To start, we like people who make us feel smart and we don’t like people who make us feel stupid. And yes, there are cruel people in this world who try to make others feel stupid, but that’s not the intent of most know-it-alls. These people are more concerned with trying to impress others by showing off what they know.
Problem is, in doing so they are inadvertently shutting others out by moving into a preaching mode (I speak, you listen.) This method of communication is fine in the classroom, but it’s a problem everywhere else.
The second reason we have a hard time with know-it-alls is because we like ourselves more when we enhanced the lives of others. Know-it-alls don’t give us that opportunity. They seldom allow us to share our thoughts and opinions and when we do, they either ignore us or they disagree with us.
Very few people want to be involved in a relationship where they can’t contribute and don’t feel appreciated when they do.
The third reason we don’t like know-it-alls is because we like people who don’t take themselves too seriously, and we feel uncomfortable around people who do. Know-it-alls are seldom wrong, but when they are wrong, their brain goes into lock-down. They are so invested in being right, that they don’t know how to handle a situation where they think they look stupid. The last thing they’ll do is laugh at themselves, which is the best thing they can do to endear themselves to others.
It’s also true that we are attracted to smart people. But, like all of the laws of likeability, you can take your smarts too far. Being perceived as smart is attractive to others, being perceived as a know-it-all is not.

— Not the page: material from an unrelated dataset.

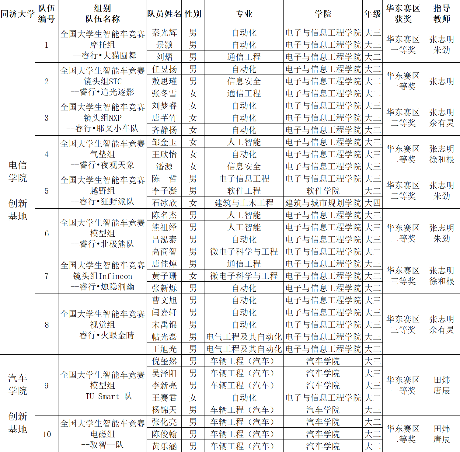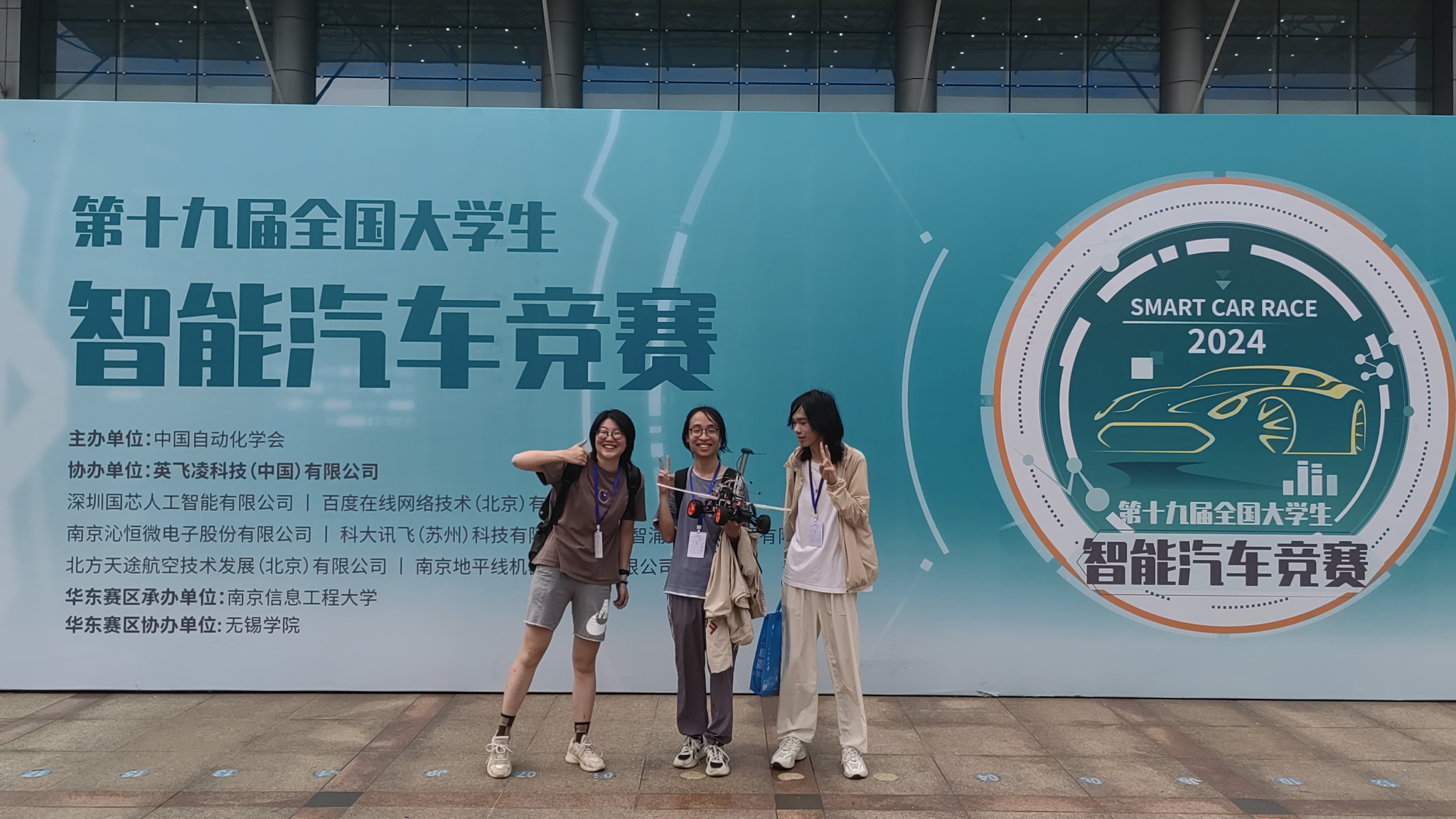 智能车竞赛实验室由太阳成官网控制科学与工程系张志明老师负责,经过近一年的招新、培训和实践等历程,由张志明、朱劲、余有灵、徐和根等教师指导,老队员刘梦晓、周庚栋、杨思远等参与辅助管理,参加校赛并获得气垫组、摩托组、视觉组、模型组、镜头组(STC/INF/NXP)等五个室内组别和越野信标组一个室外组别的晋级参赛资格。来自3个学院9个专业的27名本科生同学组成8支队伍,由张志明和朱劲两位老师带队,赴南京信息工程大学参加智能车竞赛华东赛区,学生秦光辉(自动化)、景颢(自动化)、刘熠(通信工程)组成的“睿行•大猫圆舞”队获得摩托组一等奖,任昱扬(自动化)、敖思瑾(信息安全)、张冬雪(通信工程)组成的“睿行•追光逐影”队获得镜头STC组一等奖,镜头NXP组、气垫组、越野组和模型组获得二等奖,镜头Infineon组和视觉组获得三等奖。此外,王赛君(自动化)参加汽车学院队伍获得模型组一等奖。

Oliver Wendell Holmes, Jr.
Bill Federer is the author of the American Minute, a short American historical event that he broadcasts to millions of people over the radio and on the Internet every day. Today, Bill sent me a story about Oliver Wendell Holmes, Jr.
Oliver was born on, March 8, 1841. He was a Union soldier during the Civil War and he went on to become a Harvard Law School Professor. In 1902, President Theodore Roosevelt appointed him to the U.S. Supreme Court, where he served to a more advanced age than any other justice. On his 90th birthday, Oliver Wendell Holmes, Jr., replied to a reporter by saying:
“Young man, the secret of my success is that at an early age I discovered I was not God.”
Boy, what a valuable lesson my pompous guest could have learned from Mr. Holmes.
Competing with God
If you find yourself competing with God, stop. Ask yourself what it is you really want to accomplish. Do you want to be a know-it-all and have your listeners relish in your fall, or do you want to attract people who want to associate with you because you’re an interesting conversationalist?
And, if you’re wondering which of the 200 guests made such a bad impression on me, you won’t find his interview on the Recognized Expert Marketing Show. I either accidentally lost the program or intentionally erased it with glee. Maybe I should ask him what happened to the show. I’m sure he knows.